Later, with Jean’s help, he got his education back on track with make-up high school courses geared to university admission, and subsequently earned his engineering degree from UBC in 1965.
His first employment in Canada couldn’t have been more typical of the period – he joined his father taking work at a logging camp at the north end of Lake Cowichan.

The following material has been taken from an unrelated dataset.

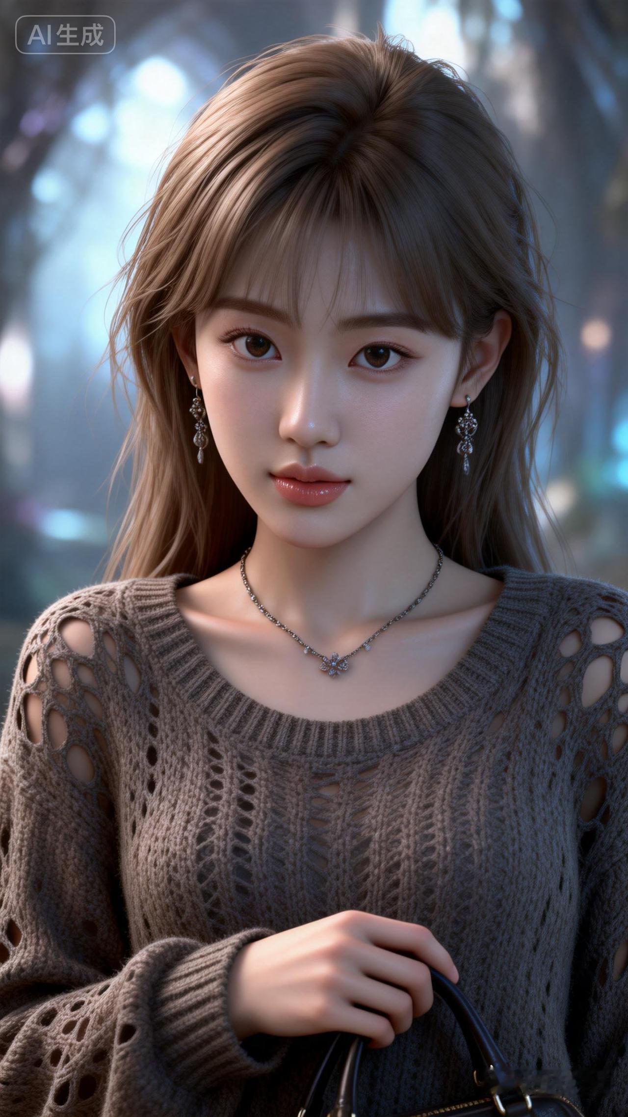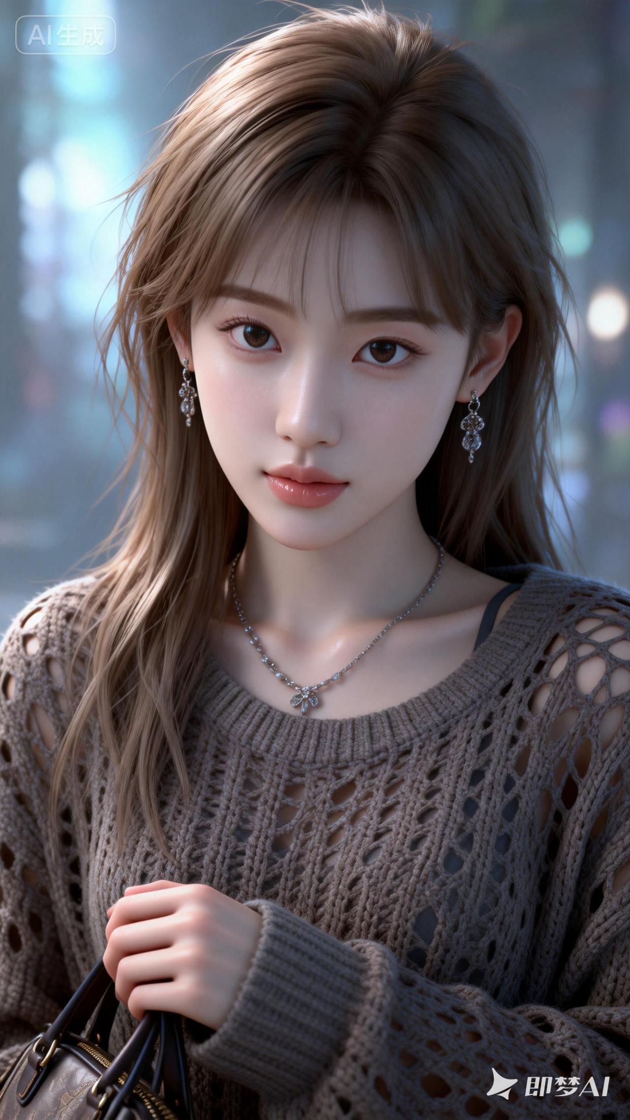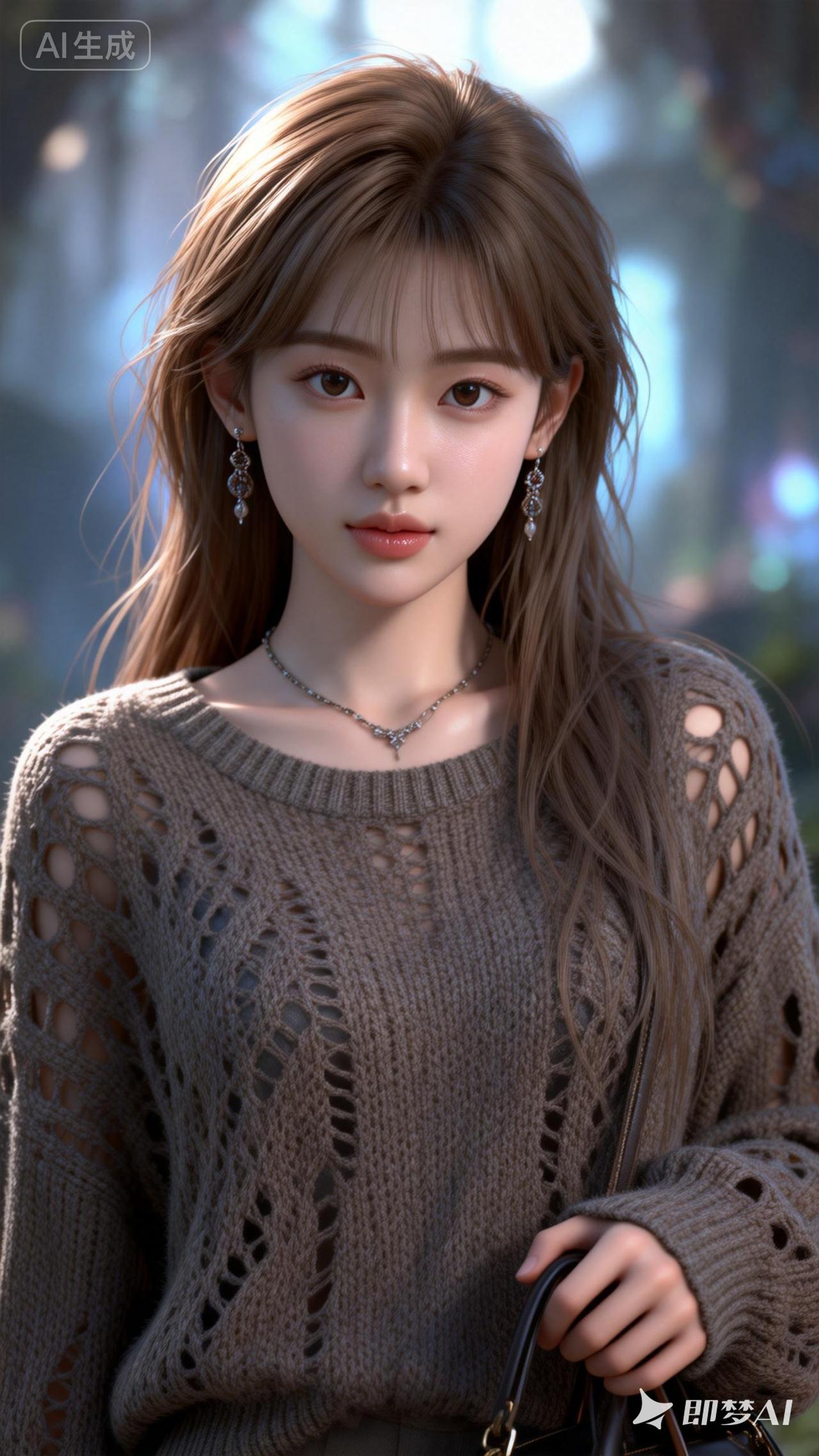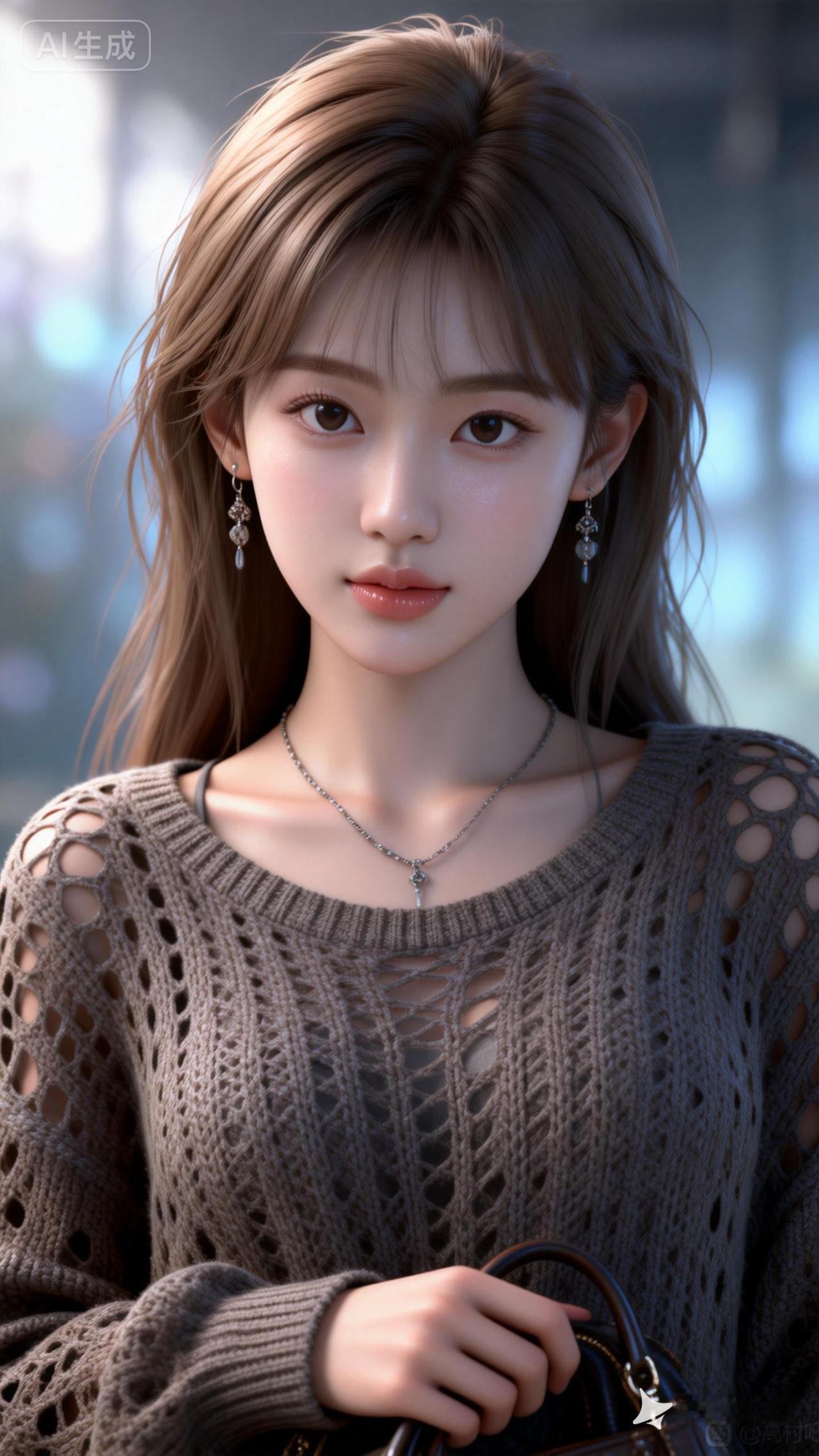 她有着眼尾细长的桃花眼,发丝细腻刻画,披着凌乱的浅棕色长发,是真人比例。有着精致无比的东方面容,似建模脸,化着精致的伪素颜妆。皮肤白皙柔嫩,如陶瓷般光滑,小巧玲珑,小巧的漂亮鼻子,长长的睫毛,精致的柳叶眉,还有皮肤高光

During two years in the camps, he learned to do just about every lumberjack job, and can still rattle off all the terminology.
In 1953, he and his father were able to quit logging for safer, more congenial work (his father found a long-term job with the Lucky Lager plant in New Westminster and his parents rented a small house in Burnaby), he found himself looking for his place in life as a 19-year-old man with virtually no social skills.
“At that age you need to find a nice girlfriend, but to get a girl, you needed to have a car, and to have a car you needed to have driving lessons.
“So I went down to this old driving school in New Westminster, and when I walked in, who was sitting behind the front desk but Jean – she was 17 at the time.”
That began a lengthy period in which he attempted to court her, with little initial success.
“Her parents thought she should have nothing to do with me, and I still remember her telling me over the phone she didn’t want to see or hear from me again,” he said.
“I remember being in tears and my mum putting her hand on my shoulder and saying, ‘Never mind, son, there’s plenty more fish in the sea.”
But knowing Jean liked to go dancing he took dancing lessons and studied so assiduously that he became good at it.
“Then I phoned her and asked her, ‘Would you like to go dancing?’ and she said, ‘Well, perhaps.’
“So we went dancing, and we danced, and we danced and danced. And two and a half years after that we were married.”
The Kent Street Activity Centre is located at 1475 Kent Street.